- Born: July 22, 1860 Sierra Leone
- Died: c.1925 Abeokuta, Nigeria
- Other name: The Reverend Jacob Henryson Samuel
- Occupations: Cleric and educator (pre-1902) Government administrator (post-1902)
- Known for: Being the secretary of the Egba United Government

= Adegboyega Edun =

Nigerian leader of the Egba people

Adegboyega Edun (né Jacob Henryson Samuel; July 22, 1860 – c.1925) was an Egba official. He served as the secretary of the Egba United Government, a colonial-era Yoruba political entity.

==Life==
A Saro, Edun was born in Sierra Leone on Sunday, July 22, 1860, to Egba parents. He attended Richmond Theological College, England, and matriculated at the University of London in 1887, where he was placed in the first division. He was a very brilliant scholar, and after graduating he began to function as a pastor and teacher. He was ordained as a minister in the Methodist Church. From 1893 to 1902, he was the principal of the Wesleyan Boy’s High School, Lagos. His public service at this time earned him the appreciation of the Governor of Lagos Colony, Sir William Macgregor.

On April 24, 1902, Edun relinquished the church ministry because he was offered the position as the Secretary of the Egba United Government (or E.U.G.). Edun succeeded William Alfred Allen, the first Secretary of the Egba United Government appointed by Governor Henry Mccallum in January 1898. Edun gave up his English name (Jacob Henryson Samuel) in 1904 and assumed the ancestral name of Adegboyega Edun. The E.U.G. was formed as a result of the decision of Sir Henry Mccallum in 1897, who was Lagos Colony Governor from 1897 to 1899. Governor Mccallum was succeeded by Governor Macgregor, who governed Lagos from 1899 to 1902. The new governor made the Egba to reorganise what was then called the “National Council”. This was emblematic of the rise of an educated elite in Egbaland, one that Edun belonged to. Some of Edun's contemporaries were C. B. Moore (Treasurer), J. Martin, and the Rev. D. O. Williams (Prime Minister from 1898 to 1911). With the rise of the E.U.G., the Ogboni lost its political significance. The E.U.G. was now saddled with the responsibility of advising the Alake of Egbaland in the discharge of his duties.

In May 1904, Edun accompanied the Alake, Oba Gbadebo, to England on a visit to King Edward VII. This was the first state visit by any Yoruba monarch to England. In 1913, Edun led a delegation of Southern Nigerians to England on matters relating to native land tenure. It was ultimately proven in 1921 that there were good grounds for the protest by the people who were against State ownership of native lands. Edun facilitated a good relationship between the white merchants and the Egba people, and he was pivotal to the modernization of administration and civilization in the land.

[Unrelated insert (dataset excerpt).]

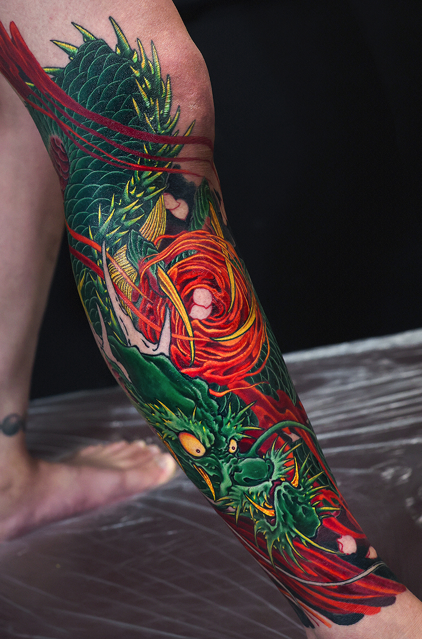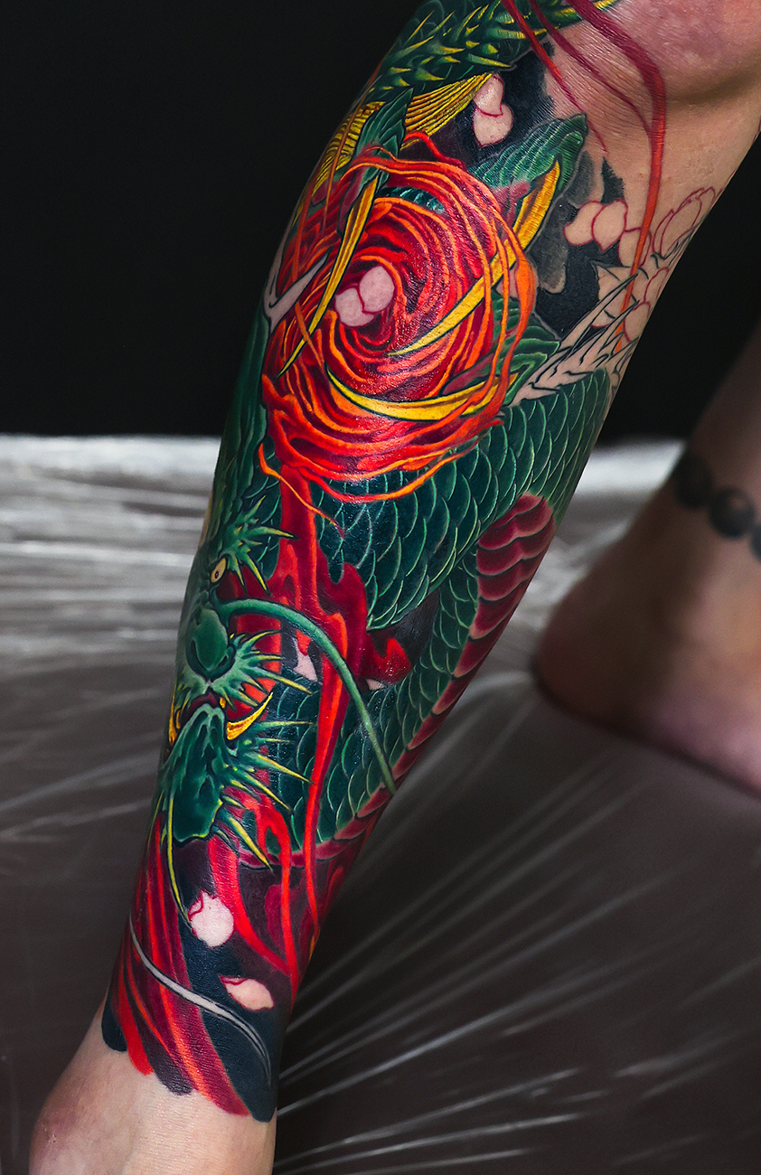 2026.03.10 龍 桜 ふくらはぎ脚 和彫り 徐々に形づいてきました。龍の存在感や迫力があり格好良いです。 お疲れ様でした。 制作事例 関連する記事 猛虎 菊 背中一面 和彫り 2026.03.10 須佐之男命 ヤマタノオロチ退治 和彫り 2026.03.10 蛇 桜 腕十分袖 和彫り 2026.03.10

His tenure in office was not without controversy, as the death of Chief Ponlade of Ijemo while in the custody of his government led to calls - mostly from the Ijemos - for Edun to step down. The resulting civil unrest led to Abeokuta's absorption into the Colony and Protectorate of Nigeria shortly thereafter.

Edun weathered these storms relatively unscathed. He left government after the accession and spent his final years in quiet retirement.

He died about 1925.

==Achievements==
The following achievements occurred during his tenure as Secretary of the E.U.G.:

1902: Establishment of European factories in the Ibara area of Abeokuta.

1903: Opening of Sokori Bridge, the first of its kind.

1904: Publication of the first issue of the E.U.G. Gazette in February.

1904: Establishment of the Egba Government Police Force.

1908: Establishment of Abeokuta Grammar School.

1908: Establishment of an E.U.G. hospital.

1914: Opening of the Abeokuta Water Works, which led to the eradication of guinea-worm and other water-borne diseases in the land, to the benefit of all.

On October 6, 1913, he was honoured by his people for his long service to the E.U.G. when he was presented with a Double Albert Gold Chain of rare original design and beauty, and of native workmanship, the pendant of which was a model of a human hand holding a pen in the act of writing; the whole thing being mounted in a flat ring, around which was inscribed the following: "Souvenir. A. Edun, Govt. Sec., E.U.G., 1912."

==Descendants==

A notable contemporary descendant is Chief Wale Edun, the former minister of finance and coordinating minister for the economy in the Tinubu Administration.

Another notable descendant is the entertainer and TV host Denrele Edun.